Unno, Masayoshi*; Ishikawa, Kumiko*; Kusaka, Katsuhiro*; Tamada, Taro; Hagiwara, Yoshinori*; Sugishima, Masakazu*; Wada, Kei*; Yamada, Taro*; Tomoyori, Katsuaki; Hosoya, Takaaki*; Tanaka, Ichiro*; Niimura, Nobuo*; Kuroki, Ryota; Inaka, Koji*; Ishihara, Makiko*; Fukuyama, Keiichi*

Phycocyanobilin, a light-harvesting and photoreceptor pigment in higher plants, algae, and cyanobacteria, is synthesized from biliverdin IX (BV) by phycocyanobilin:ferredoxin oxidoreductase (PcyA) via two steps of two-proton-coupled two-electron reduction.
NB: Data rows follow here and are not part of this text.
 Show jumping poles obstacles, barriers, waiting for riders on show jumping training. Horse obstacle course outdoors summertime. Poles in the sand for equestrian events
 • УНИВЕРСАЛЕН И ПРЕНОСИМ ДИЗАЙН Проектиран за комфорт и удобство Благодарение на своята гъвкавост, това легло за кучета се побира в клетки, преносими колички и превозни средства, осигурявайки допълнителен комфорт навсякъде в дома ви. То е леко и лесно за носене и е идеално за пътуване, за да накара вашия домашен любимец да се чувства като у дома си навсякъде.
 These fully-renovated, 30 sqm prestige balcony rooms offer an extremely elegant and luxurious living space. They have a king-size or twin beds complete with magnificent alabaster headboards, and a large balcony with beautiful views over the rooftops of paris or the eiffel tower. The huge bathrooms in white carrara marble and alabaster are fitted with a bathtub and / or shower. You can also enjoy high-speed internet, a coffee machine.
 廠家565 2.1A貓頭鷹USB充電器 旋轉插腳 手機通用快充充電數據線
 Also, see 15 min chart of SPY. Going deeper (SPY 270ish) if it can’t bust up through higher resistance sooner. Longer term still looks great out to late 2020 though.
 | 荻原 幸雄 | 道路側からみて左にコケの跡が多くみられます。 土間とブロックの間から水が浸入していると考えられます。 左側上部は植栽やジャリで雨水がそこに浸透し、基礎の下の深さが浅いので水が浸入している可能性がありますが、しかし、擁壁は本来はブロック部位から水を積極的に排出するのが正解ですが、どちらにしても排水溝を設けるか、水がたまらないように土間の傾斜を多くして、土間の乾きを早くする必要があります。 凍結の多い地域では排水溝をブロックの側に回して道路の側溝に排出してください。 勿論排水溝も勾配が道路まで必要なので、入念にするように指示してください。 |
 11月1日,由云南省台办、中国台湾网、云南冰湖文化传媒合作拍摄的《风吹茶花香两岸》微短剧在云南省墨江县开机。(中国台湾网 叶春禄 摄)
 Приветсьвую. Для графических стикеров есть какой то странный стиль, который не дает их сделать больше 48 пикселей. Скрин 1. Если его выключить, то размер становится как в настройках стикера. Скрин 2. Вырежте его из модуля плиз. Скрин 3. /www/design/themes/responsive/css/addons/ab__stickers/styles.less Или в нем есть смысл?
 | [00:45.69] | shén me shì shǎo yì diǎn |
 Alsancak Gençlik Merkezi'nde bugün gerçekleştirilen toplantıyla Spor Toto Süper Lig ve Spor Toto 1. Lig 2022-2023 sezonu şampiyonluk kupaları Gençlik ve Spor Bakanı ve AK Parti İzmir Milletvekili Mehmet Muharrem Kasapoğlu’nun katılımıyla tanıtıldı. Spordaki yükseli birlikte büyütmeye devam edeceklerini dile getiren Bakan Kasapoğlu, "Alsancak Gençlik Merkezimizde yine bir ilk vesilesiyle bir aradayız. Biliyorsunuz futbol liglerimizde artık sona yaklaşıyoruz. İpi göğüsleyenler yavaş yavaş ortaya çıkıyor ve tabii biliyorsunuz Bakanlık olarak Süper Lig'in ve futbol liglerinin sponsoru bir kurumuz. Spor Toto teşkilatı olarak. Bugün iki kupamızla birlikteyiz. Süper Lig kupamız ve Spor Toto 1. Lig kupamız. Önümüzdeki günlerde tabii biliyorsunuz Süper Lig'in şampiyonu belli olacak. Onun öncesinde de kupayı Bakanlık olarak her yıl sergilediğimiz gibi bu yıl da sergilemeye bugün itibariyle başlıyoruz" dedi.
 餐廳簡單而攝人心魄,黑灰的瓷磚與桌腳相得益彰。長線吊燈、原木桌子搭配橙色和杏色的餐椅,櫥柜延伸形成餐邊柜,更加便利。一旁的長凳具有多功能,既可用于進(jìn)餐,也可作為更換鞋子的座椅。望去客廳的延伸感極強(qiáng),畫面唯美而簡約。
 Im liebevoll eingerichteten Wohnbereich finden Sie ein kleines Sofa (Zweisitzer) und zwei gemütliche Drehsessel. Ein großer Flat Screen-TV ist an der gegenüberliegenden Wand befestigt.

We determined the neutron structure of PcyA from cyanobacteria complexed with BV, revealing the exact location of the hydrogen atoms involved in catalysis. Notably, approximately half of the BV bound to PcyA was BVH, a state in which all four pyrrole nitrogen atoms were protonated. The protonation states of BV complemented the protonation of adjacent Asp105. The "axial "water molecule that interacts with the neutral pyrrole nitrogen of the A-ring was identified. His88 N was protonated to form a hydrogen bond with the lactam O atom of the BV A-ring. His88 and His74 were linked by hydrogen bonds via HO. These results imply that Asp105, His88, and the axial water molecule contribute to proton transfer during PcyA catalysis.